Music majors have extensive contact with faculty. Classes for the major are small, ranging from five to thirty-five students, and all are taught by faculty members. Consultation with department faculty is readily available to students.

Although the department has only minimal performance requirements for majors, almost all music majors choose to supplement their academic studies with extensive musical performance in ensembles and/or individual instruction, for which some scholarship assistance is available through audition.

Special Resources

The Music Library The largest in the commonwealth, the Music Library contains over 50,000 books and scores and 32,000 sound recordings. The collection has traditionally focused on classical music, jazz, and folk music; recently it added an excellent collection of opera videos, and has begun to build up its popular music collection. Students may borrow recordings and videos as well as books and scores.

The Virginia Center for Computer Music Founded in 1988, the center serves undergraduates, graduates, and faculty, and offers an exceptionally wide range of musical possibilities. The facilities provide a wide assortment of music software and a rich development environment. It is also one of very few music centers where software developed in-house is used for compositional work. A CD of works produced at the center by faculty and graduate students was released in 1999 on the Centaur CDCM series.

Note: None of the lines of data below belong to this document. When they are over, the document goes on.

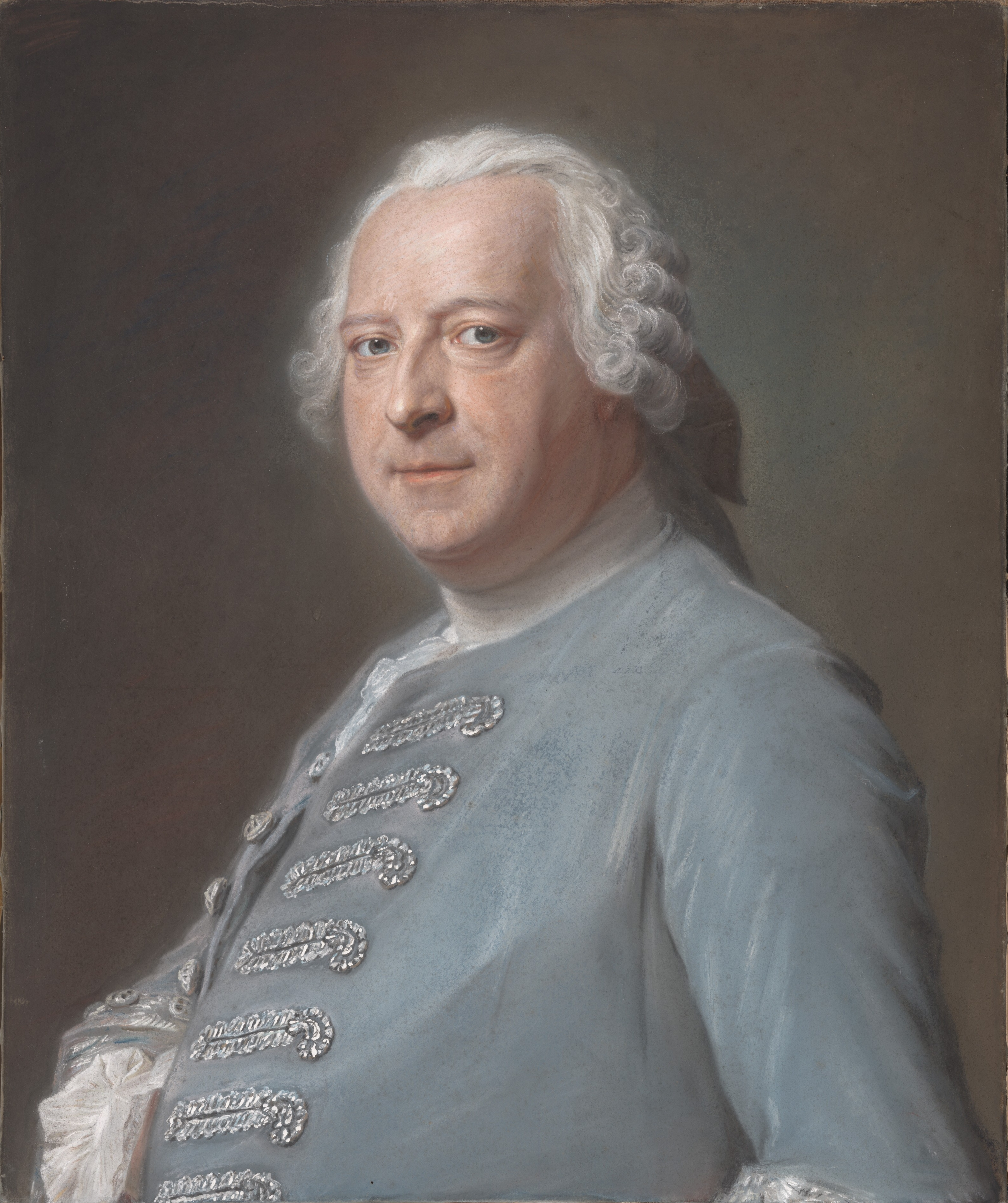 Depicted person: Jean-Charles Garnier d'Isle (1697-1755), French architect and landscape architect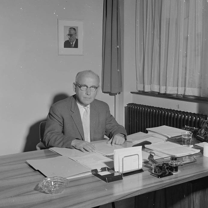 Prof. dr. ir. J.C. Vlugter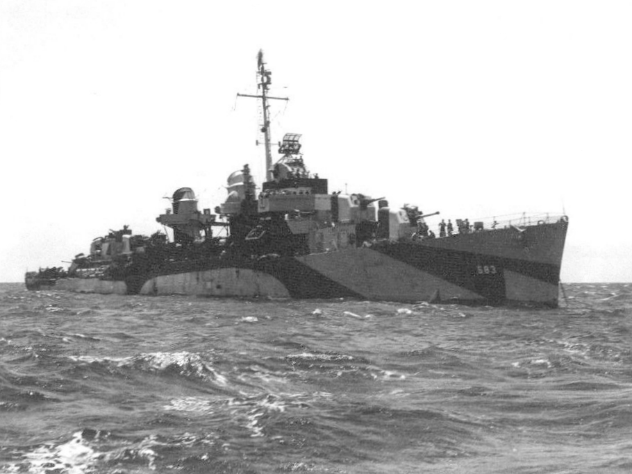 The U.S. Navy destroyer USS Hall (DD-583) at anchor. She is painted in camouflage Measure 32, Design 1D.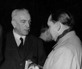 Konstantin von Neurath and Hermann Goering at the Nuremberg War Crimes Trials. Left to right, Konstantin von Neurath and Hermann Goering at the Nuremberg War Crimes Trials. Donor: Robert Jackson.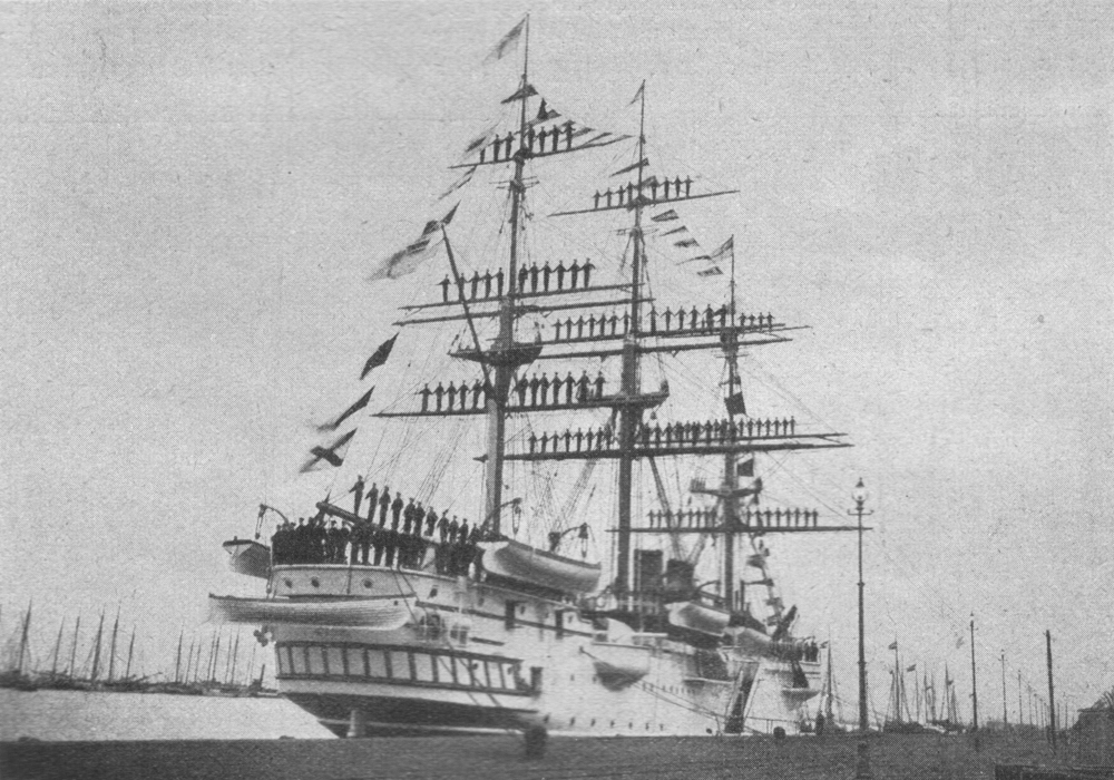 The German frigate SMS Charlotte (launched 1885) in 1902.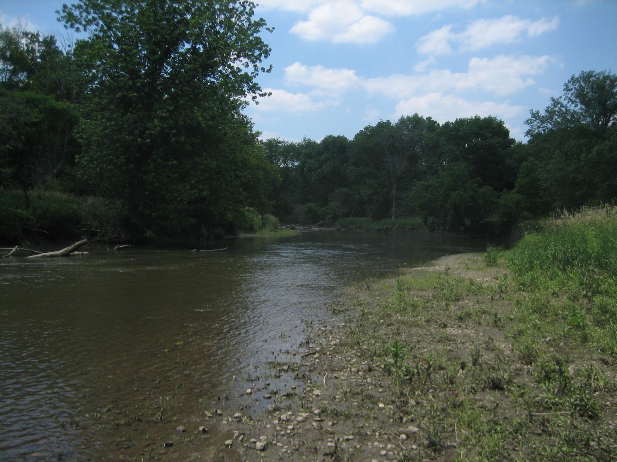 Kishwaukee River State Fish and Wildlife Area, near Kirkland, Illinois in DeKalb County, Illinois, USA.

The VCCM offers multiple workstations for music composition and research application. Macintosh computers are used for both digital audio and MIDI-based work. Linux-based workstations support advanced audio processing and direct digital synthesis. Different types of MIDI controllers (e.g., guitar and percussion controllers, and a Disklavier grand piano) are available. A variety of program environments are available. Students interested in combining sound and video may work with video images in the VCCM and at the University’s New Media Center.